The safety and efficacy of these vaccines have been demonstrated in both pre-licensing testing and in large-scale immunization programs, with more than 20 million doses of the vaccines administered. But jealous of its prerogatives, the FDA refuses to recognize the foreign approvals, although such "reciprocity" is supposed to be a goal of discussions among international regulators. (When asked about the extent of the FDA's cooperation on this issue, a senior European regulator responded, "It's like discussing the Thanksgiving dinner menu with the turkeys.")

Another example pertains to a weapon against the nation's worsening epidemic of obesity, which now kills 300,000 people a year, almost as many as tobacco. At the same time that government public health officials tell us to eat less and exercise more, it is restricting an excellent tool for controlling the intake of fat and calories.

In 1996, following an eight-year review, the FDA approved a cooking oil called olestra, which adds no fat or calories to food. (It is simply a molecule of table sugar linked to soybean or cottonseed oil and is too large for the body to absorb or digest.) But they only allowed its use in chips, crackers, and other "savory snacks." Since then, Americans have bought more than 3 billion servings of snacks cooked with olestra. If they had eaten regular, full-fat chips instead, they would have consumed an additional 245 billion calories and 36,000 tons of fat.

Olestra is a boon to public health in this country, where diets are high in fat, and three of the top four biggest health concerns heart disease, cancer, and elevated blood cholesterol are related to fat intake. Research shows that people who eat olestra snacks actually consume lower levels of both total fat and saturated fat.

FDA regulators have been far too cautious about this substance that benefits public health. They granted only limited approval, although olestra is uniquely versatile and can be used as a replacement for margarine, lard, butter, and oils in frying, baking, and sauteing.

What's going on here? Don't regulators care about public health?

The short answer is that the system is biased against innovation. To see why, imagine the two types of errors possible under this system: A regulator can commit an error by permitting something bad to happen (approving a harmful product), or by preventing something good from becoming available (not approving a beneficial product). Both outcomes are bad for the public, but the consequences for the regulator are very different. The first kind of error is highly visible, and the regulators are attacked by the media and patient groups and investigated by Congress. But the second kind of error keeping a potentially important product out of consumers' hands is usually a non-event.

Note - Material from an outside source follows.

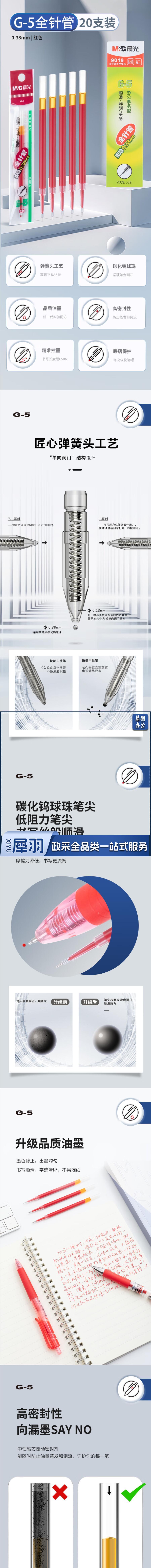 晨光0.38mm红色中性笔替芯 经典按动款签字笔替芯 G-5全针管系列水笔芯 20支/盒9019C

The bottom line is that regulators make decisions defensively that is, they avoid approvals of harmful products at any cost. As a result, they tend to delay or reject new products of all sorts, from fat substitutes to vaccines and painkillers. That's bad for public health and for consumers' freedom to choose. Americans are, literally, dying for better regulation.

Henry Miller, a physician, is a fellow at the Hoover Institution and an ACSH Director. He was an official at the Food and Drug Administration from 1979 to 1994.